Obligatory transformations

Obligatory transformations is a dialog accessible via the Settings (underlined text button) in the title of the Transformations panel (View > Variables and transformations). It is used to set preprocessing rules applied to all variables.

Text data

Manage text inputs is used to handle input variables with categories (instead of numeric values). Available options are
Stop with error | Skip column | Decompose to binary columns

Manage text targets is used to handle target variables with categories (instead of numeric values). Available options are
Stop with error | Enumerate with 0,1,2,.. | Decompose to binary columns

Limit decomposition to the most frequent labels is used to limit the number of new variables created in a result of decomposition. Only the most frequent labels are decomposed to separate binary variables. All other labels will be dropped to a binary variable named '?'. The number of new variables including '?' does not exceed the selected limit.

Missing values

Treat value as missing if it is outside n*sigma is used to replace spikes (i.e. outliers) that exceed certain number of standard deviations. All spikes that exceed n*sigma will be replaced with missing values. The way in which missing values are handled can be set using the Manage missing values control.

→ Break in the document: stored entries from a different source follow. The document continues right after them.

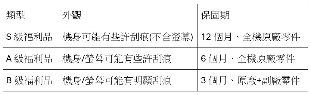 福利品非全新品,外觀上可能會有些許刮傷,或輕微螢幕老化、烙印、白點等,但手機功能皆為正常,介意使用 『二手整新』或內裝為『副廠零件』請勿下單。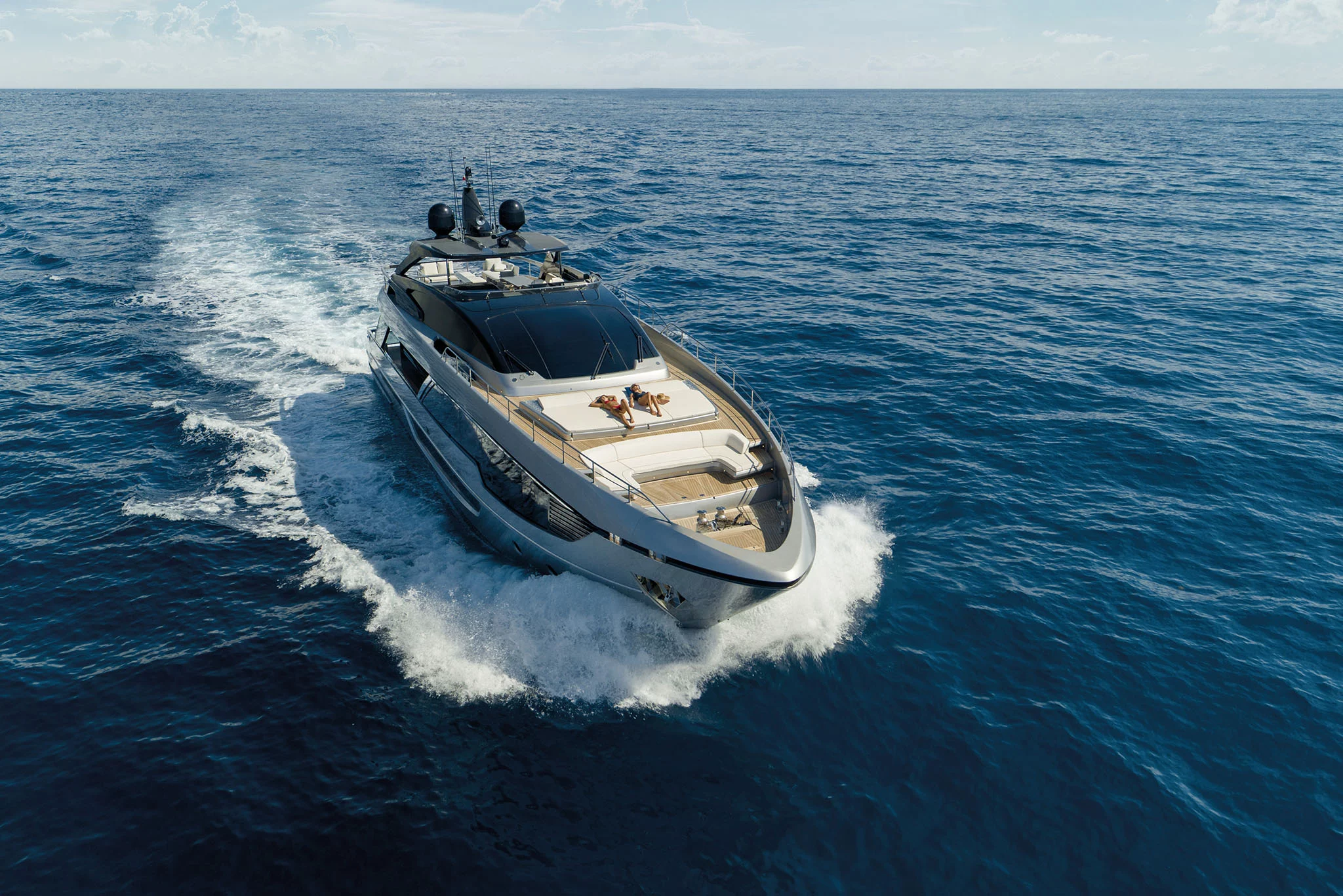 Riva 102' Corsaro Super: a nova era dos iates flybridge. Contemporâneo, desportivo e com espaços concebidos para sentir um contacto ininterrupto com o mar.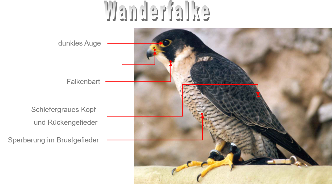 Die Wachshaut und der Augenring sind blaugrau; beim Küken ebenfalls die Beine. Wanderfalken mausern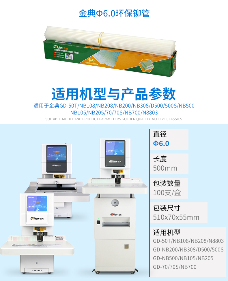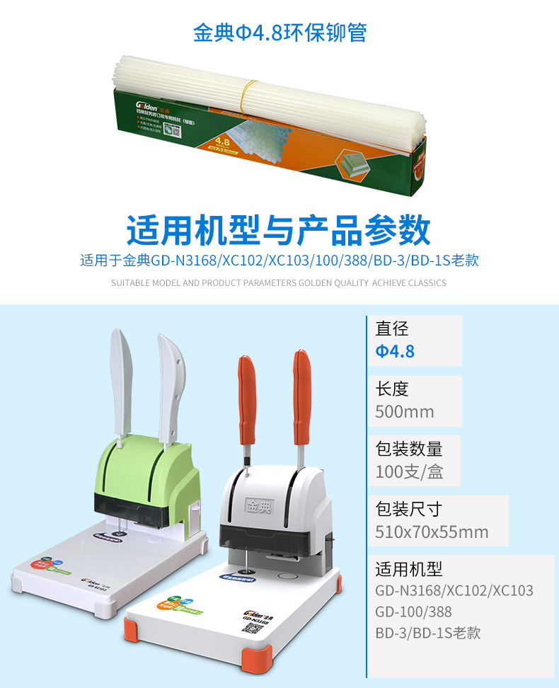 商品名称:金典5.2mm铆管装订机管热熔管(单位:盒)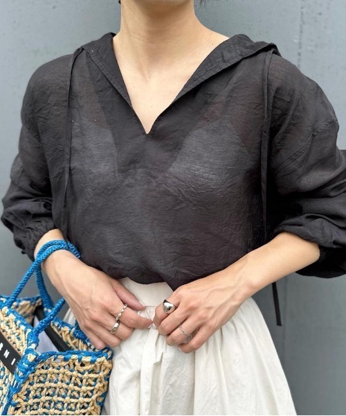 ■point(ポイント)透け感のある軽やかな素材で、羽織るだけでこなれた印象に。UV対策や冷房対策にもぴったりの、シーズンレスで使えるシアーパーカー。コンパクトに持ち運べて、春夏秋の着回しに活躍する1枚です。■detail(ディテール)程よいゆとりのあるシルエットで、インナーを選ばず重ね着しやすい。袖口と裾はリブ仕様で、バランスのとりやすいデザイン。ダブルジップタイプで、着こなしにアレンジを効かせられます。■fabric(素材感)シャリ感のあるシアー素材で、さらっと涼しい着心地。通気性に優れ、汗ばむ季節も快適に過ごせます。軽量でしわになりにくく、バッグに入れてもかさばらないのが嬉しいポイント。■coordinate(コーディネート)キャミやタンクの上に羽織って肌見せバランスを調整。ワンピースに重ねれば抜け感のあるスタイリングに。パンツにもスカートにも合わせやすく、デイリーから旅行まで幅広く活躍します。透け感が大人可愛いシアーパーカー。【M】着丈:66.7cm肩幅:55cmバスト:105cm袖丈:52cm袖口:10.5cm【L】着丈:68cm肩幅:58cmバスト:108cm袖丈:52cm袖口:11cm

Manage missing values is used to handle various gaps (NULL values) in the data. Available options are
Stop with error | 0 | Interpolate | Mean | Median | Most frequent.

The first option throws an error when a NULL value is detected. Other options allow replacement of missing values with 0, mean of two neighbouring values (interpolation), arithmetic mean of current variable, median, and the most frequent value.

Multiple files

If time series data is collected from a set of files it is possible to ensure that all files contain recent observations and all series are long enough to be preprocessed properly.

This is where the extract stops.